In order to solve this, we have 2 steps of code generation. In this diagram, solid arrows represent the code generation DAG and dashed arrows represent the code dependency DAG:

code generation DAGs

At a high level,

  • Declarations.yaml contains the function signatures for the whole Torch C++ API.
  • Custom binding generation reads all the declarations, and whenever possible, generating
    • glue code for crossing between C/C++ (the generated C/C++ API),
    • glue code for using the (yet to be generated) OCaml foreign functions in OCaml (the generated OCaml wrapper),
    • and ctypes bindings.
  • Stub generation uses the ctypes library, reading the bindings and generating C and OCaml stubs. These are just glue code to handle C/OCaml FFI. Note that we have some manually-written C++ functions and bindings that get generated stubs.
  • There are an extremely small number of manually-written stubs (just 1 as of writing) that ctypes cannot handle.
  • A combination of the generated OCaml wrapper and manually written wrapper provide an actually usable OCaml API. These are further built upon in the main library (not pictured).

Memory management

A large part of this complexity is driven by memory management.

Avoiding memory leaks

It is challenging to write manual FFI stubs without memory leaks or race conditions. We use ctypes to make sure we get this right on the vast majority of functions. Although it requires a second code generation step, this spares us from reinventing stub generation.

Cleaning up tensors

We ensure that tensors are freed when OCaml garbage collects them. To do this, each Tensor is equipped with a custom finalizer. This could be done on either the C++ or OCaml side. However, the API to inform OCaml of a tensor's true size in memory only exists in C++ (the custom block API). Without this, OCaml would not know when to garbage collect on CPU and would OOM easily.
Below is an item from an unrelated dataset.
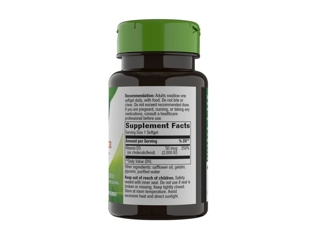 Vitamín D3 ve formě cholekalciferolu je aktivní a preferovanou formou vitamínu D, a proto jsme ho použili v těchto měkkých gelech. Zvyšuje vstřebávání vápníku pro silné kosti a zuby a zároveň podporuje správnou funkci imunitního systému. Softgely obsahují 50 mcg (2 000 IU) vitaminu D3 v jedné dávce.

Each C++ torch::Tensor is essentially an intrusive pointer to a TensorImpl that stores the real information about the tensor. TensorImpls contain a reference count, and whenever a new intrusive pointer is created or destroyed, that reference count changes. We can't pass these torch::Tensors directly to OCaml, though, so instead we work with TensorImpl *s and use the release/reclaim(_copy) Torch API for intrusive pointers. The finalizer on each garbage-collected OCaml tensor just does a reclaim, allowing the refcount to decrement to 0 when the resulting torch::Tensor goes out of scope.

Note that OCaml is unaware of GPU memory usage. GPU users may need to manually garbage collect.

Raw tensors and GC tensors

One wrinkle in this setup is that ctypes cannot handle custom blocks. Since we want the bulk of our stubs to be generated by ctypes, we create a distinction between raw_tensors and gc_tensors.

raw tensor GC tensor
has finalizer? no yes
GC knows its size? no yes
FFI input for C? no yes
FFI output from C? yes no
ctypes type void ptr void ptr
C++ type TensorImpl * TensorImpl *

The only way to convert from a raw_tensor to gc_tensor is with the hand-written, non-ctypes function with_tensor_gc. It is used copiously in the generated OCaml wrapper code to ensure we only surface GC tensors to the user.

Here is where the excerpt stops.